JL: Tell me about the day you were invited to dinner at the White House.

KF: We just did a Dutch documentary that's coming out called ‘Proud to be an Asshole from El Paso', in which they interviewed Clinton about me and my books, and he read some passages from the books. And he recounted the time I went to the White House for dinner and how I gave him a Cuban cigar. And he said, ‘Uh, you know, that's illegal in this country'. And there were a lot of people around and all that, and he said, ‘You can't do that here.' And I said, ‘Just remember, Mr President, don't think of it as supporting their economy, think of it as burning their fields.' I'm going to see President Bush in the first week of October, and do a reading for him.
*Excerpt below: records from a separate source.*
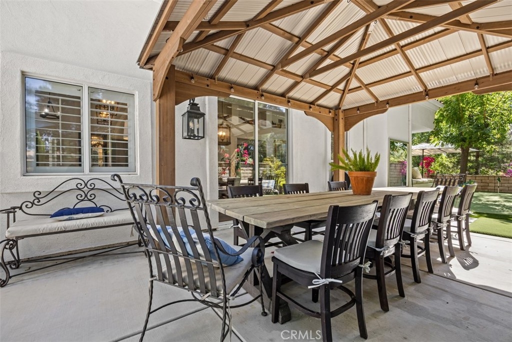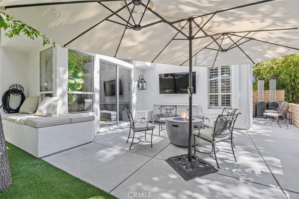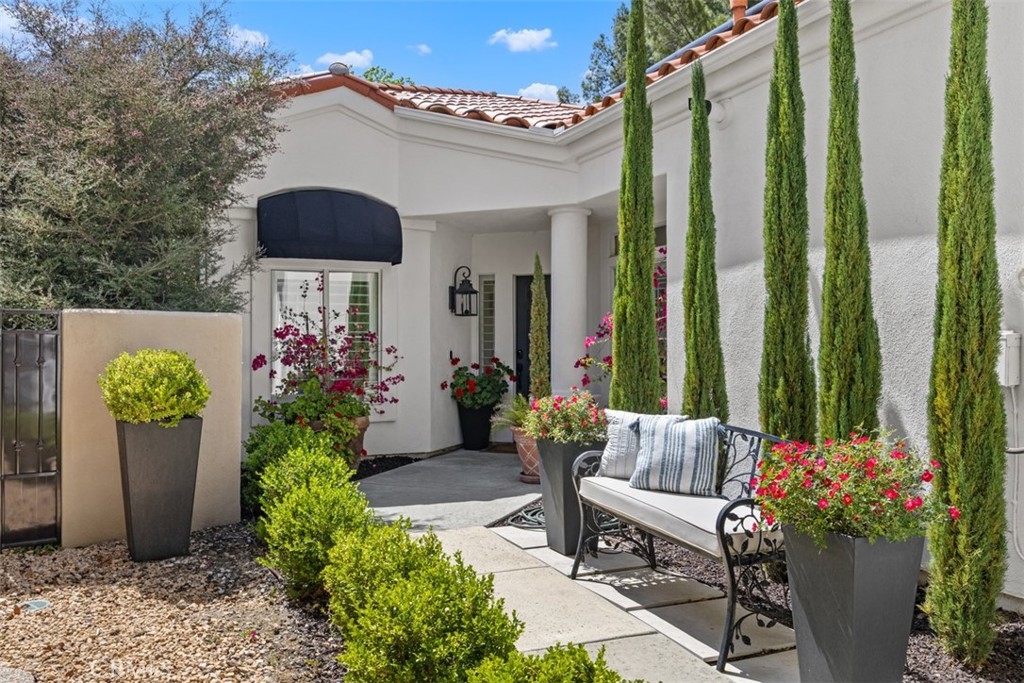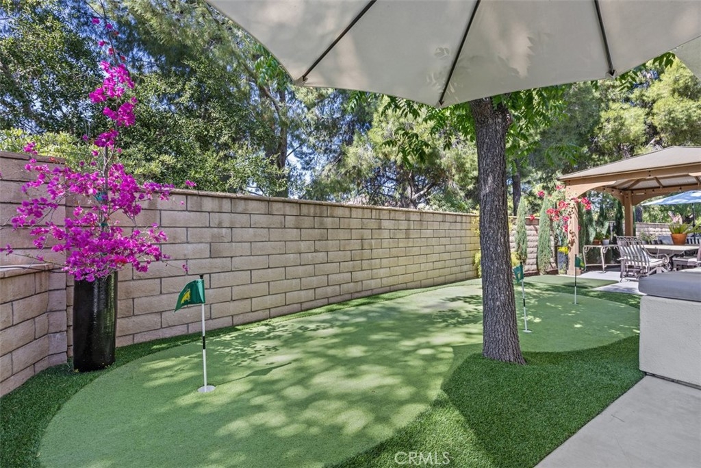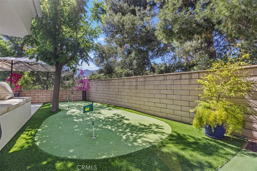 Spectacular single story unit located within the gates of the Bear Creek community. Highly upgraded and completed remodeled, light bright unit with 14 ft ceilings. Some of the upgrades include: Trane high efficiency air conditioning system, new heat pump, Rinnai tankless hot water system, whole house water purification system, Sun solar system (leased @ 159/mo), Sunburst large shutter and 240EV ready garage plug. Completely remodeled kitchen open to living/dining room, center island with seating, cabinetry to ceiling and high end stainless steel appliances. Fully remodeled bathrooms, primary includes double sinks and extra storage and closets with custom organizers. High end Pergo engineered hardwood flooring throughout. Sanctuary like private backyard with wrap around patio’s, new concrete, pergola, gas fire pit feature, putting green and sprinklers. Nothing left to do here….. just move in.
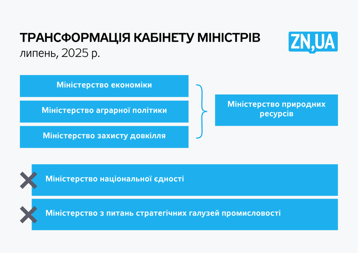 міністр економіки – Юлія Свириденко – тепер Олексій Соболев, в оновлене міністерство економіки, довкілля та сільського господарства увійшли Міністерство аграрної політики та продовольства та Міністерство захисту довкілля та природних ресурсів, які більше не є самостійними відомствами;
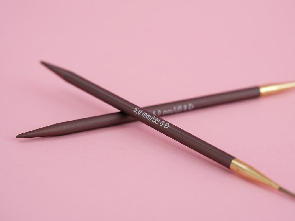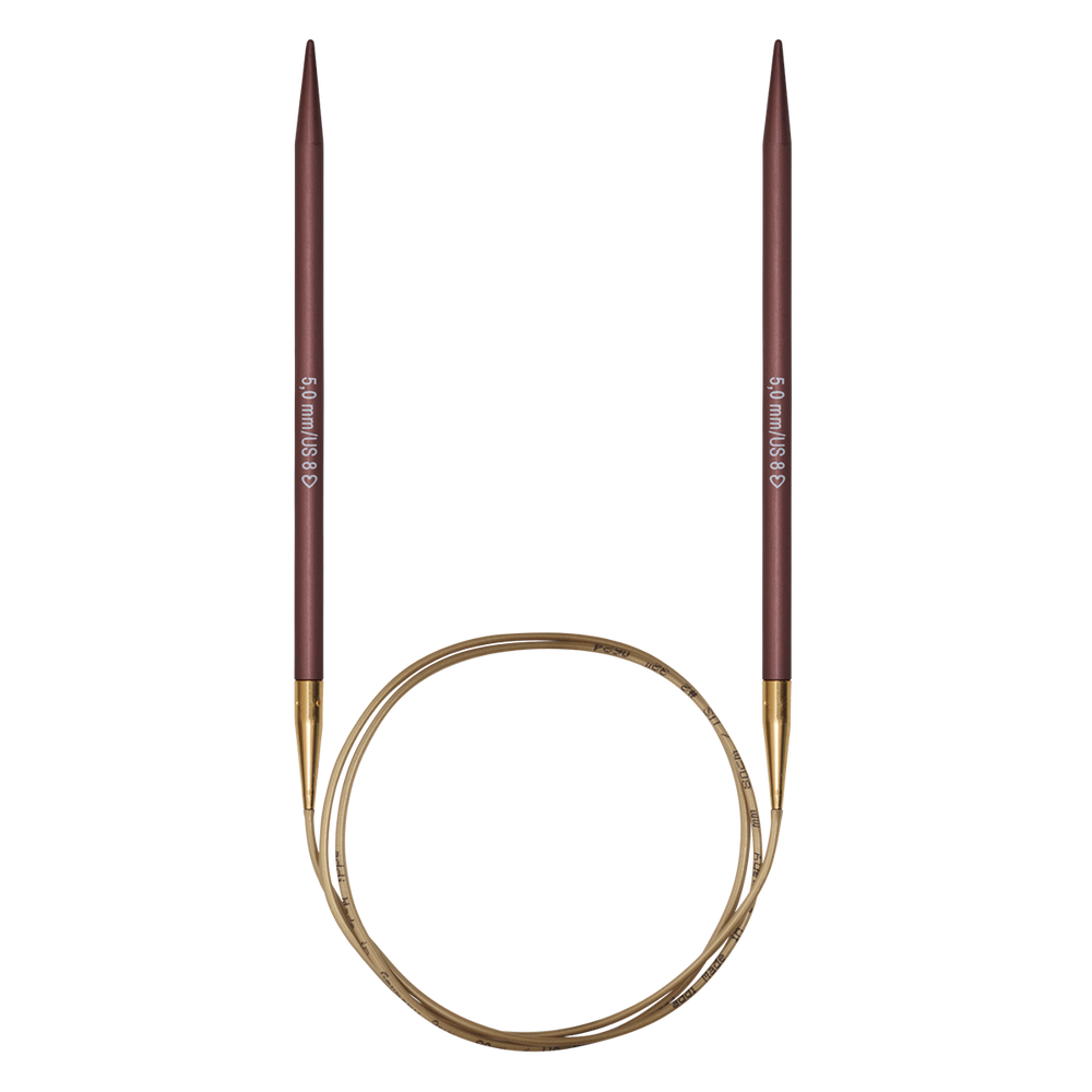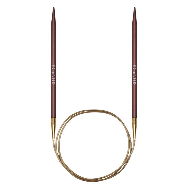 Faste rundpinde i holdbart aluminium i serien Mystic Lace fra ADDI. Rundpindene fås fra 2.00-8.00 mm i enten 60 eller 80 cm.
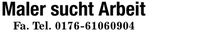 Maler sucht Arbeit Fa. Tel. ***
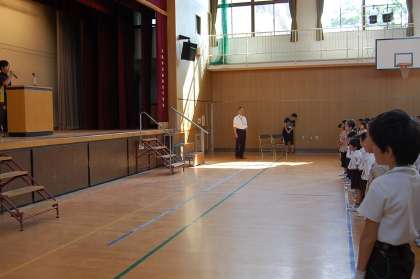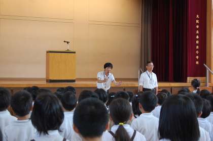まず、児童の登校の様子を見守っていただき、その後、朝会で此花区として子どもたちにがんばってもらいたいことの話をしていただきました。

We're Pen-Pals now.

JL: Does George smoke?

KF: George does smoke – he smokes cigars. I don't know if he smokes Cubans, or not. We'll find out what he smokes. I've never smoke with him really – but I guess I will. I'm a friend of friend of Presidents. I belong to a very small group - including Bernard Beruch, Jesse Jackson and Billy Graham. None of them is in very good shape at the moment, I think. I guess it goes with the territory.

JL: You're working on a book with your pal Willie Nelson. Does Willie Nelson still smoke, or has he packed it in?

KF: Willie still smokes an occasional cigar. He still smokes enough dope, it's just incredible… I was on the bus with him last week and I was standing back to back with this very attractive young woman, and I told him, ‘I'm not sure which of us is taller, but her ass is six inches higher than mine.' To which Willie responded, ‘My ass is higher than both of your asses.' At any rate, yes, Willie definitely smokes enough marihuana to choke an iguana.

JL: Are you ever gonna write a book when nobody smokes in it?

KF: No. Well, it could happen. I'm working on a non-Kinky novel right now and I'm almost done with it, about three people who are trying to blow up Starbucks in New York. I have two books coming out this fall: ‘Stepping on a Rainbow', which is a mystery, with Simon & Schuster, and then, in October, HarperCollins is coming out with ‘Kinky Friedman's Guide to Texas Etiquette', or ‘How to Get to Heaven or Hell without going through Dallas, Fort Worth.' It's the cigars that wrote these books. It's the cigar writing – that's what I blame.